The vulnerability is in the encryption processing subsystem of libSRTP
and could allow an unauthenticated, remote attacker to trigger a DoS
condition. The vulnerability is due to improper input validation
of certain fields of SRTP packets. An attacker could exploit this
vulnerability by sending a crafted SRTP packet designed to trigger
the issue to an affected device.
The impact of this vulnerability on Cisco products may vary depending
on the affected product. Details about the impact on each product
are outlined in the "Conditions" section of each Cisco bug for this
vulnerability. The bug IDs are listed at the top of this advisory and
in the table in "Vulnerable Products."
This advisory is available at the following link:
http://tools.cisco.com/security/center/content/CiscoSecurityAdvisory/cisco-sa-20160420-libsrtp
Affected Products
Vulnerable Products
The following Cisco products have been confirmed to be impacted by
this vulnerability:
Product Defect Fixed Release Availability
Collaboration and Social Media
Cisco WebEx Meetings Server versions 1.x CSCux00729
Cisco WebEx Meetings Server versions 2.x CSCux00729 2.6.1 and 2.7 (June 2016)

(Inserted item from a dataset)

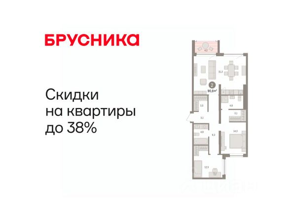 Квартира в счёт первоначального взноса по программе обмена. Звоните, мы вам все подробно расскажем! Просторная 2-комн. квартира с предчистовой отделкой в ЖК "Дом у озера" на 5 этаже. Общая площадь: 76.62 кв.м., жилая: 24.5 кв.м., площадь просторной кухни-гостиной: 27.8 кв.м. Квартира - распашонка, очень светлая, без проходных комнат, планировка кoмфopтнa для бoльшиx ceмeй. В квартире один балкон, один совмещенный и один раздельный санузел. Высота потолков 2.7 м. Дом монолитный, многоподъездный, переменной этажности, от 2 до 8 этажей. Квартира находится в 5-й секции высотой 7 этажей в корпусе 3. На этаже 6 квартир. В подъезде 1 грузовой лифт. Окончание строительства - 2 квартал 2027 года. Оформление сделки по договору долевого участия. Квартира с кухней-гостиной и двумя спальнями в Доме у озера. Особенности планировки: окна на две стороны, второй санузел, гардеробная, вид во двор, разнесённые спальни, предчистовая отделка, балкон. квартиры в нашей базе: ДМУ03-Ж5.5.6. "Дом у озера" является продолжением "Европейского квартала". Он расположен в центре заречного района города. В 2030 году здесь появится квартал, состоящий из урбан-вилл, таунхаусов, секционных домов и башни. Вокруг уже сформирована необходимая инфраструктура: детские сады, школы, спортивный комплекс, продуктовые магазины, аптеки, кофейни, рестораны и салоны красоты. Путь до центра города занимает 7 минут на машине. Озеро Тихое — ценный рекреационный ресурс. Брусника вернула ему прежнее значение и сделала новой точкой притяжения для жителей микрорайона. Ключевым элементом концепции благоустройства стала вода. В каждой части квартала архитекторы нашли для нее свою форму. Вдоль пешеходных улиц разместили искусственные ручьи, на центральной площади — фонтан и дождевые сады. Основная точка притяжения жителей — озеро и выходящий на его сторону променад. Здесь мы организуем смотровые площадки и расположим летние террасы кафе и ресторанов. Тесную связь застройки с ландшафтом обеспечивает многоуровневое озеленение. Буфер из деревьев и кустарников по периметру квартала превращается в естественный ветрозащитный экран. Такое решение позволяет создать на территории "Дома у озера" комфортный микроклимат. Подъезды "Дома у озера" с прозрачными входными группами и большими лифтами. Для мест общего пользования архитекторы разработали новую интерьерную коллекцию, вдохновленную эклектичными восточными мотивами. В отделке сочетаются коричневый, желтый и белый цвета, повторяющие колористические решения фасадов. Декоративные перегородки, установленные в лобби, напоминают машрабию — элемент арабской архитектуры в виде узорной решетки. За счет мягкой мебели, многоуровневого освещения теплых оттенков и предметов декора (например, зеркал и картин) холлы воспринимаются как продолжение квартиры. #z5d8S3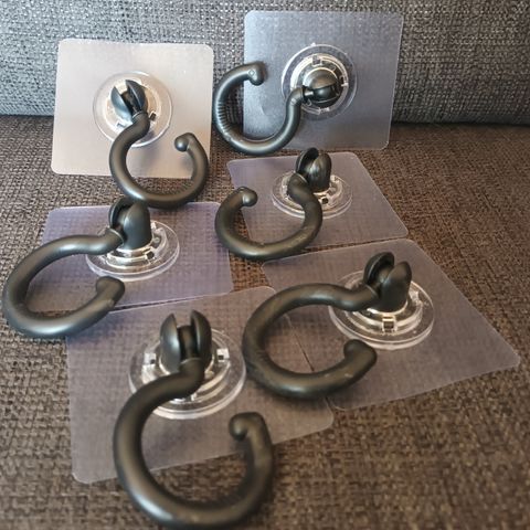 Kuvannäköiset käyttämättömät koukut tarrakiinnityksellä. Soveltuvat pienten esineiden ripustamiseen seinälle. Takana käyttökohteet ja asennusohjeet. Nouto tai posti. En tee toridiiliä.

Endpoint Clients and Client Software
Cisco Jabber CSCux00711 11.6
Network and Content Security Devices
Cisco Adaptive Security Appliance (ASA) CSCux00686 8.4.7.31
Software1 9.1.7
9.2.4.6
9.3.3.8
Routing and Switching - Enterprise and Service Provider
Cisco IOS XE Software2 CSCux04317 3.14.3S
3.13.5S
3.16.2S
3.10.7S
3.17.1S
3.15.3S
Voice and Unified Communications Devices
Cisco IP Phone 88x1 Series CSCux00708 11.0(1)
Cisco DX Series IP Phones CSCux00697 10.2(5)
Cisco IP Phone 88x5 Series CSCux00748 11.0(1)
Cisco Unified 7800 Series IP Phones CSCux00742 11.0(1)
Cisco Unified 8831 Series IP Conference CSCux01782
Phone
Cisco Unified 8961 IP Phone CSCux00707 9.4(2)SR3
(August 2016)
Cisco Unified 9951 IP Phone CSCux00707 9.4(2)SR3
(August 2016)
Cisco Unified 9971 IP Phone CSCux00707 9.4(2)SR3
(August 2016)
Cisco Unified Communications Manager (UCM) CSCux00716 10.5(2)SU3
Cisco Unified Communications Manager CSCux00716 10.5(2)SU3
Session Management Edition (SME)
Cisco Unified IP Phone 7900 Series CSCux00745 9.4(2)SR2
Cisco Unified IP Phone 8941 and 8945 (SIP) CSCux01786
Cisco Unified Wireless IP Phone CSCux37802 1.4.8.4
Cisco Unity Connection (UC) CSCux35568 10.5(2)SU3
1. Cisco ASA deprecated the phone proxy feature that uses SRTP as of
release 9.4.1.
2. Cisco IOS XE platforms are vulnerable if they are configured to use
Cisco Unified Border Element (CUBE) or Session Border Controller (SBC)
features to terminate or translate SRTP sessions.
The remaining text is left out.